Like most software tools and techniques, code generation can be overdone. Though it's extremely useful in the right circumstances, you need to be sensible about identifying those circumstances. In this article, I'll try to offer some guidance.

A Generator in Action

To get a better feel for this modern world of code generation, let's take a look at one particular generator: CodeSmith. CodeSmith has its own scripting language that's very similar to ASP.NET. You use this scripting language to define templates. For example, here's a small piece of a CodeSmith template for a HashTable class in C#:

<% if (TargetNamespace != null && TargetNamespace.Length > 0) { %>
namespace <%= TargetNamespace %> {
<% } %>
    #region Class <%= ClassName %>

    /// <summary>
    /// Implements a strongly typed collection of <see cref="<%= PairType %>"/>
    /// key-and-value pairs that are organized based on the hash code of the key.
    /// </summary>
    /// <remarks>
    /// <b><%= ClassName %></b> provides a <see cref="Hashtable"/> that is strongly typed
    /// for <see cref="<%= KeyType %>"/> keys and <see cref="<%=ItemType %>"/> values.
    /// </remarks>

    <%= GetAccessModifier(Accessibility) %> class <%= ClassName %>:

This is not the place to go into the details of the CodeSmith template language (there's a fine tutorial on the CodeSmith Web site), but you should be able to get the general idea.

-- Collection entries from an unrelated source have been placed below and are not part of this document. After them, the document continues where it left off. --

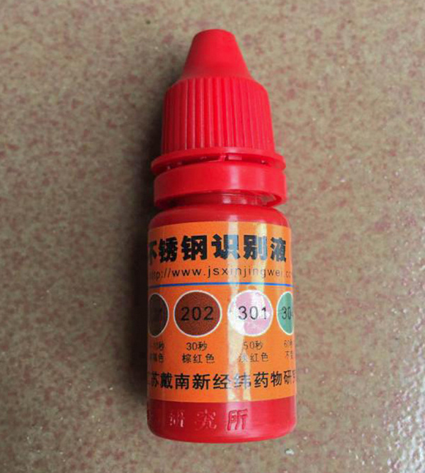 泫氏廠家對不銹鋼卡箍材質(zhì)采用光譜分析儀進(jìn)行檢測;用戶也可采用不銹鋼識別液進(jìn)行鑒定,這是一種通過識別卡箍材質(zhì)是否含鎳來判斷劣質(zhì)200系列卡箍和300系列卡箍的簡易方法,如圖所示。
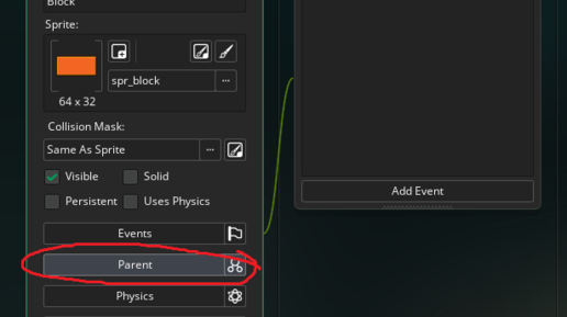 Времени на написание статьи не так много, а читатели очень просят продолжить уроки. Так что продолжу без всяких вступлений. В прошлых уроках мы остановились на том, что научили мяч отскакивать от стен и биты. Пришло время научить его отскакивать от блоков, которые мы должны разбивать (разбивать их мы научимся чуть позже). Для этого достаточно нам добавить всего одно действие. А именно, назначить стену родителем для данного блока. Как это сделать и для чего? Заходим в объект блока. Нажимаем на кнопку "Parent" (что переводится как "родитель")...
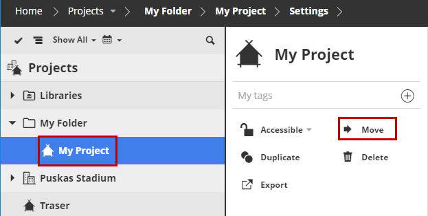 The Move function is available on the BIMcloud Projects page for all items except the Project Root.
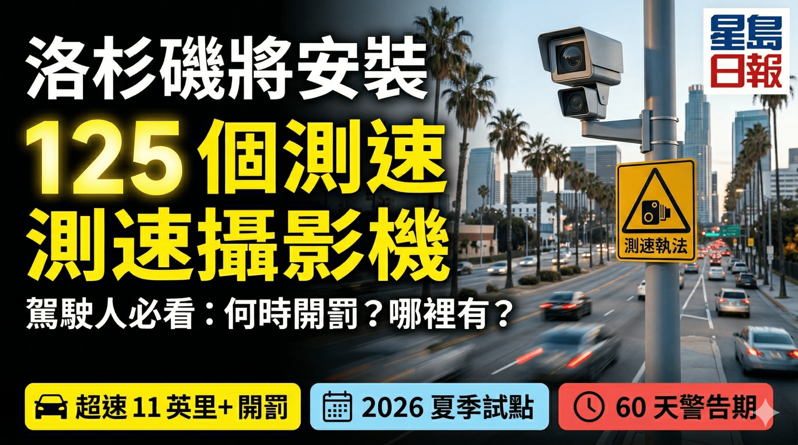 - 核心事件:洛杉磯市將安裝125個測速攝影機,鎖定超速11英里以上的車輛,並於今年稍晚開始正式開罰。
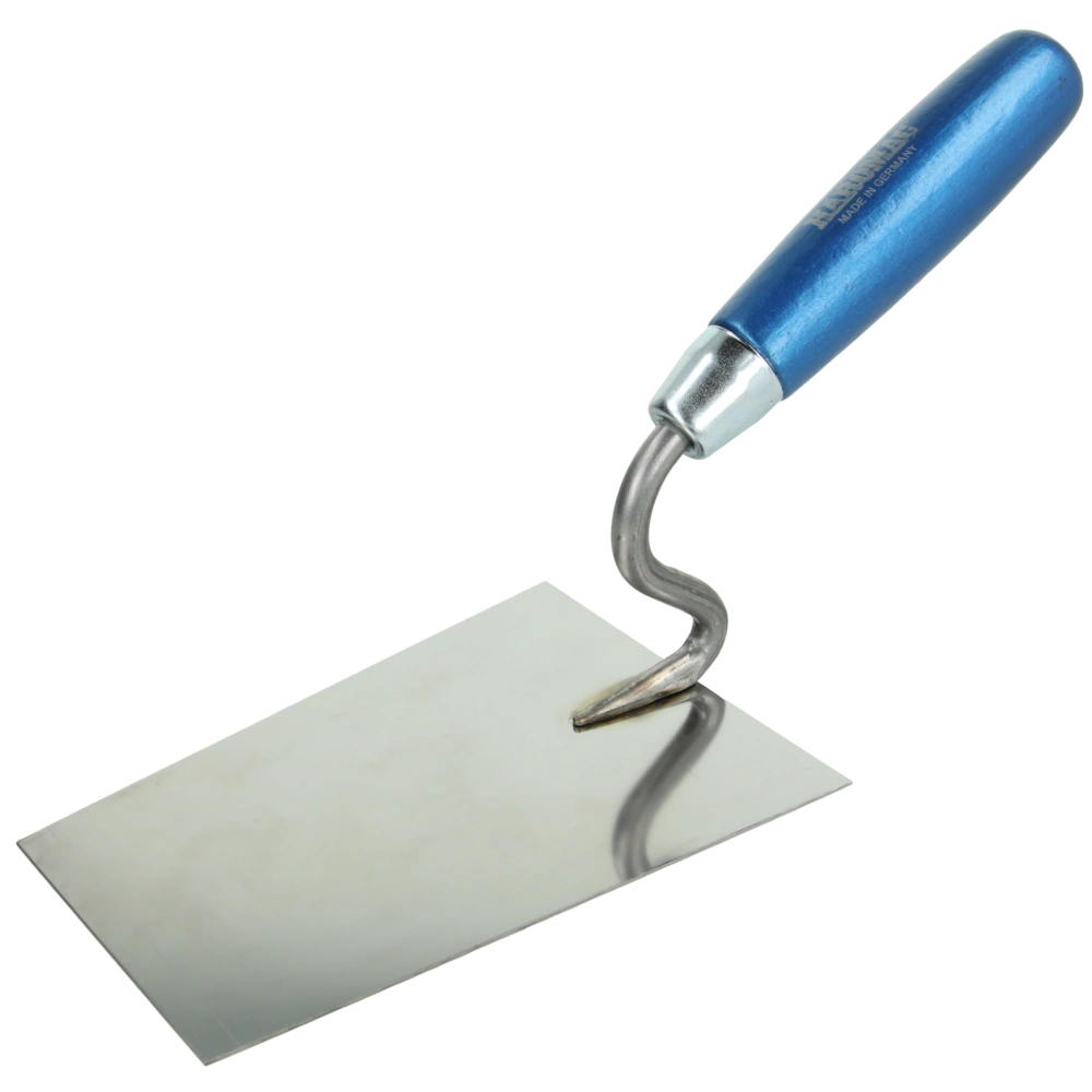 The brick trowel is used when doing masonry work for applying mortar as well as for minor plaster works. The combination of a handle made of beech wood and the stainless steel for blade and angel ensure a long life of the trowel.
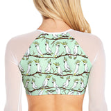 Meet the Rocky top... this sporty crop features mesh long sleeves and fits to perfection. Works well with any bottom style and can also be worn as an everyday crop top. Extremely supportive, works well for all sizes.
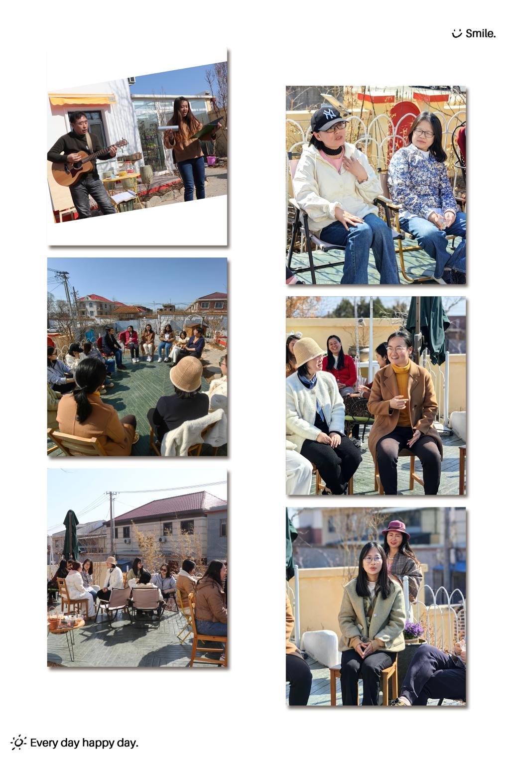 来见老师对今天的团建总结到,当我们促膝相牵、围圈而坐时,自然形成了“善”的场域;在场域支持下,大家的信任敞开,愿意把心中深藏的情感,袒露分享,“真”情在此流动;在春日、远山、庭院中,“美”的感受流淌弥散,每个人也荡漾其中,老师们共同创造了这次“真善美”的体验。
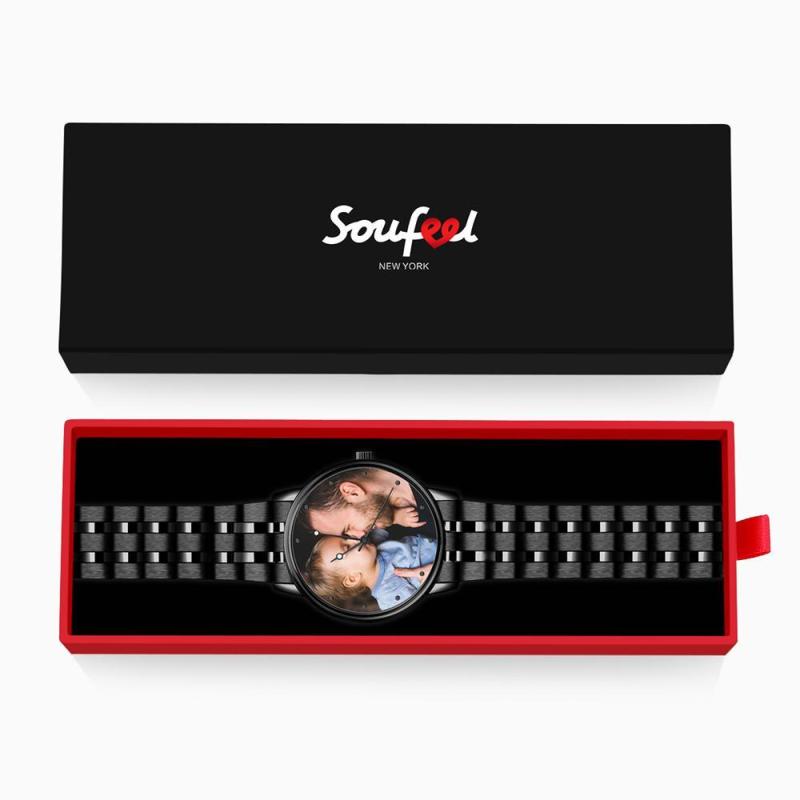 Engraved Men's Black Alloy Bracelet Photo Watch 38mm
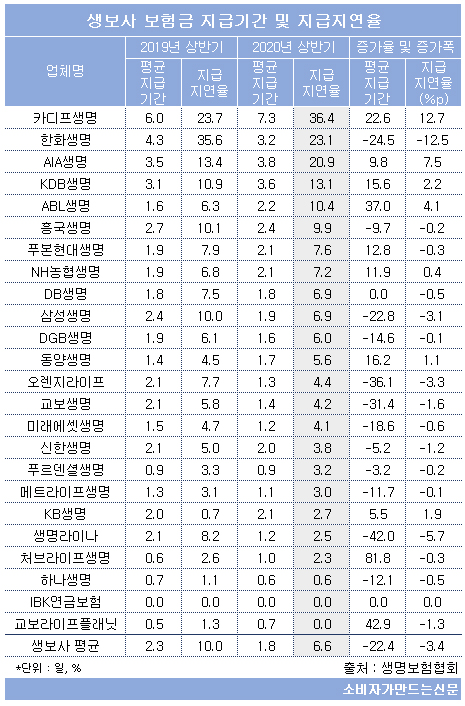 평균 지급 기간이 가장 긴 곳 역시 카디프생명(7.3일)으로 경쟁사들에 비해 2배 이상 늦어졌다. AIA생명(3.8일), KDB생명(3.6일), 한화생명(3.2일) 등 4곳이 3일을 넘어섰다.
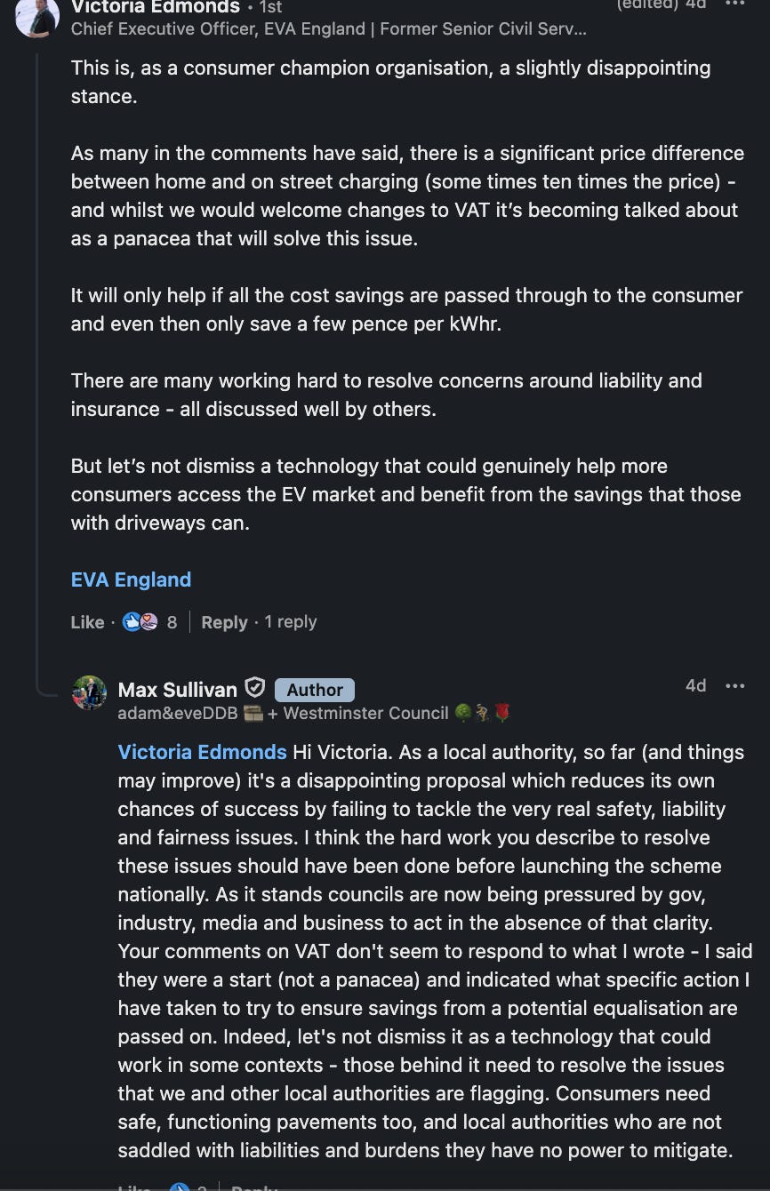 As you can imagine, this went down badly amongst many in the industry. Vicky Edmonds, CEO of EVA England, commented underneath the post saying it was a “disappointing stance” and asked that the technology not be ruled out, due to risks around liability being worked on.
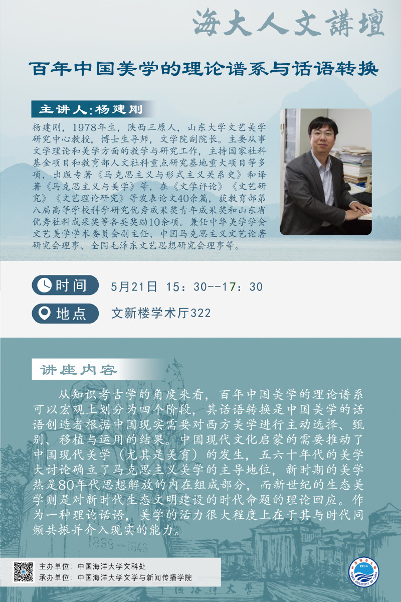 海大人文講壇2023年第31講-楊建剛:百年中國美學的理論譜系與話語轉換
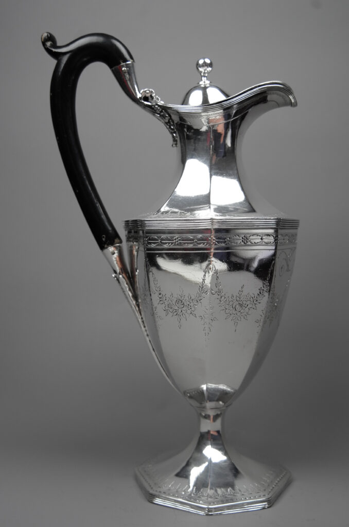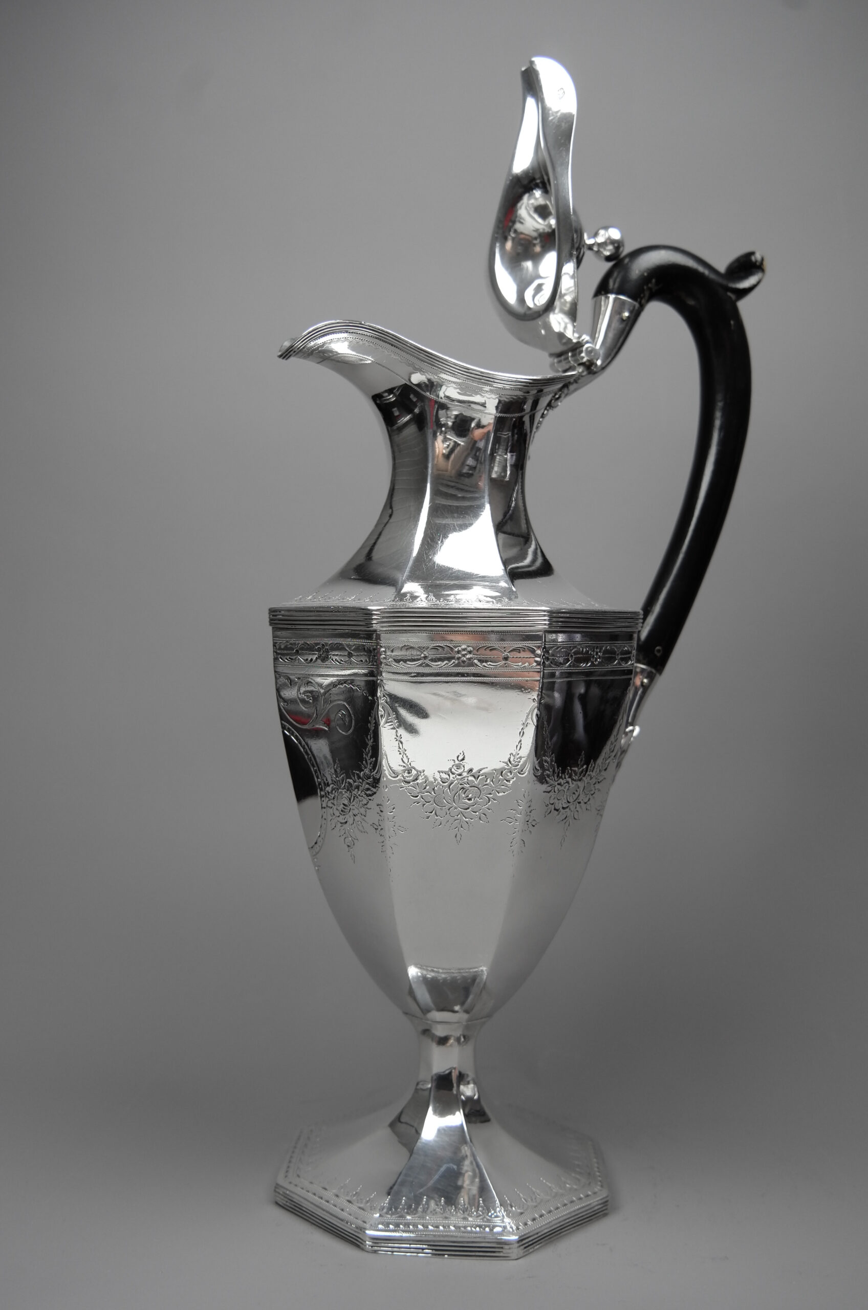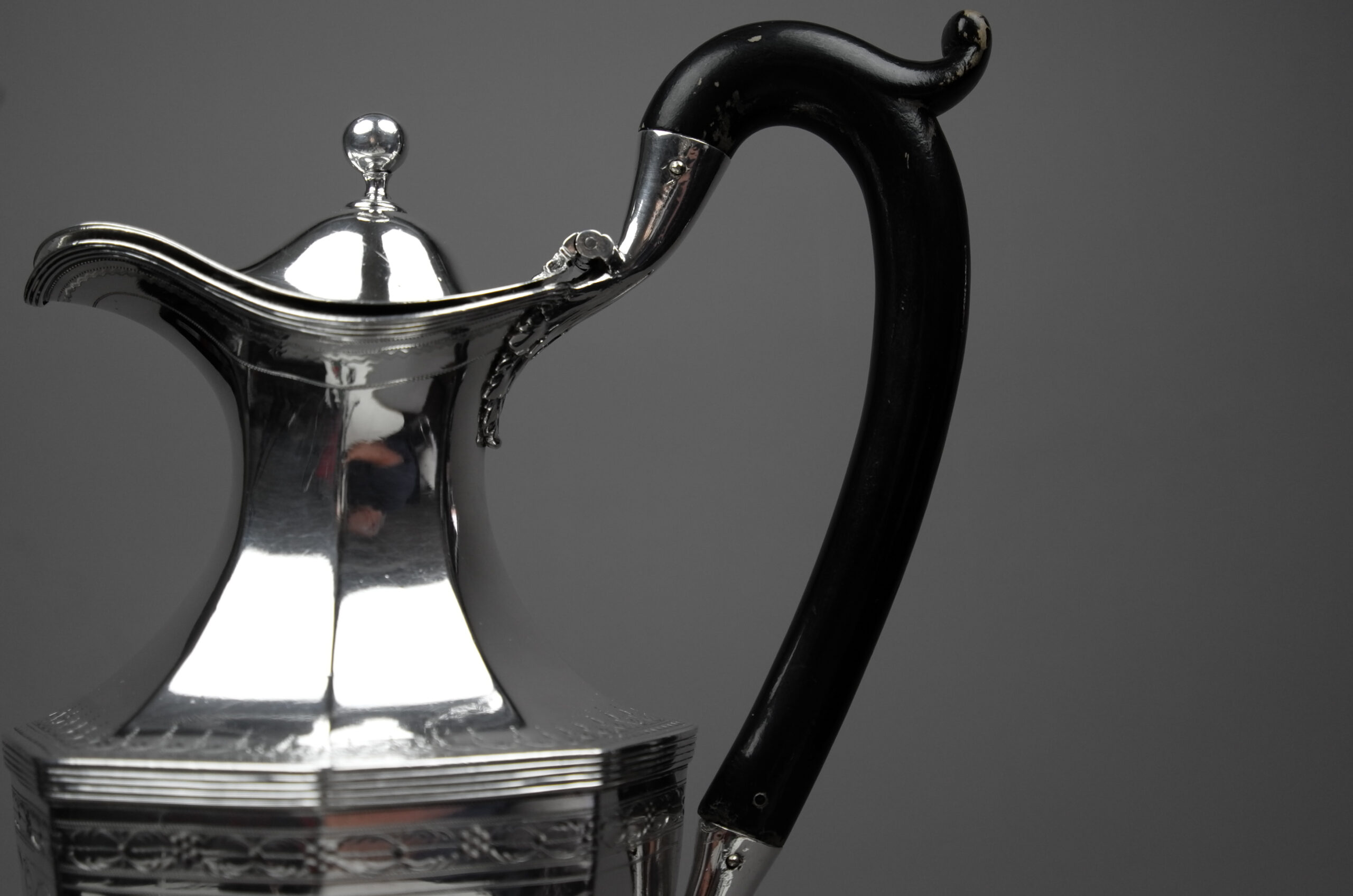 Ein großer Ewer in achtpassiger Urnenform auf achtpassigem, hohem Standfuß. Dekoriert ist der Korpus mit gravierten Blatt- und Blütenbändern sowie Girlanden. Im Frontbereich befindet sich eine freie Kartusche. Die Kanne ist ansonsten mit einem Klappdeckel und einer ebonisierten Holzhandhabe ausgestattet.
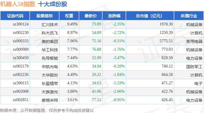 机器人50(399283)指数十大成份股详情如下:
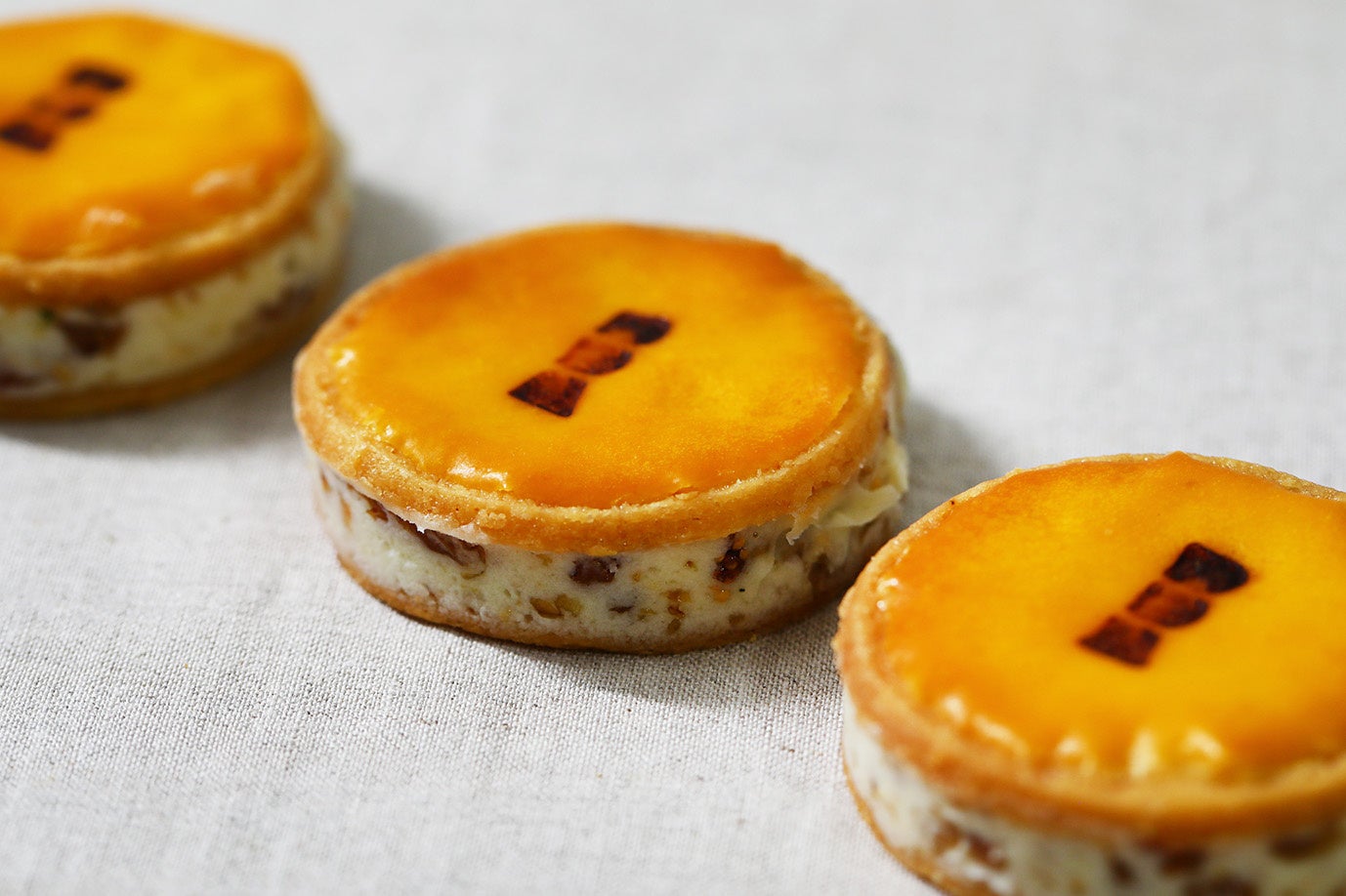 お酒の風味をまとったドライフルーツの香りが鼻に抜ける、大人な味わいのバターサンドです。コクのあるバタークリームの味わいをお楽しみください。隠し味の七味がほのかなアクセントです。
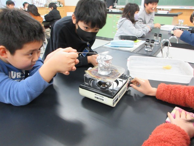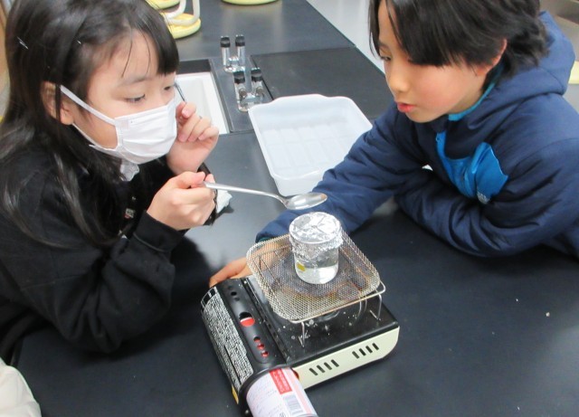「水のすがたと温度」の学習で、湯気の正体を確かめる実験をしました。湯気を金属のスプーンに当てることで水滴がつき、湯気の正体は水であることを確かめました。

The template provides a picture of the code to be generated, and itself contains some scripting logic and some replaceable parameters. Figure 1 shows this template in use in the CodeSmith interface. To use CodeSmith, you fill in values on the property sheet and click the Generate button. The result is code that can be pasted directly into your application (CodeSmith also includes a Visual Studio .NET add-in, which can automatically generate code whenever you rebuild a VS .NET project).

Click here for a larger image.

This little example demonstrates the essential features of most modern code generators: they are tools that take some sort of abstract input, and use that input to generate source code that can then be fed into a compiler or other build process. Code generators can be freeware or commercial products, or developed in-house for specific projects.

Signs That You Need a Code Generator

So far, code generation is just a neat parlor trick. The idea of writing code to write code is interesting to most developers, but that's not enough to make it useful. When should you choose to buy or build a code generator for a real project?

One good sign that it's time to consider a code generator is that you're wearing out the Ctrl-C and Ctrl-V key combinations on your keyboard. If you find yourself building large chunks of your project by cut and paste, you need to stop and ask yourself why this is happening. It might be that you're just being sloppy, and that a bit of refactoring will eliminate the cut and paste; perhaps all you need to do is define a utility function that you can call from elsewhere in the project. In that case, you don't need a code generator.

But it's also possible that you're going through a cut, paste, and edit cycle. Consider the case of a HashTable class, for example. If your application contains many business classes, you might find yourself with a HashTable that holds Customer objects, and wanting one that holds Order objects. In that case, your first temptation will be to copy the first class and then edit it so it holds Orders instead of Customers. That's not a situation that can be easily solved with refactoring -- but it is a great place to use a code generator. With a single template and a code generator that's capable of making successive substitutions, you could quickly build both HashTable classes, without needing to do any manual editing.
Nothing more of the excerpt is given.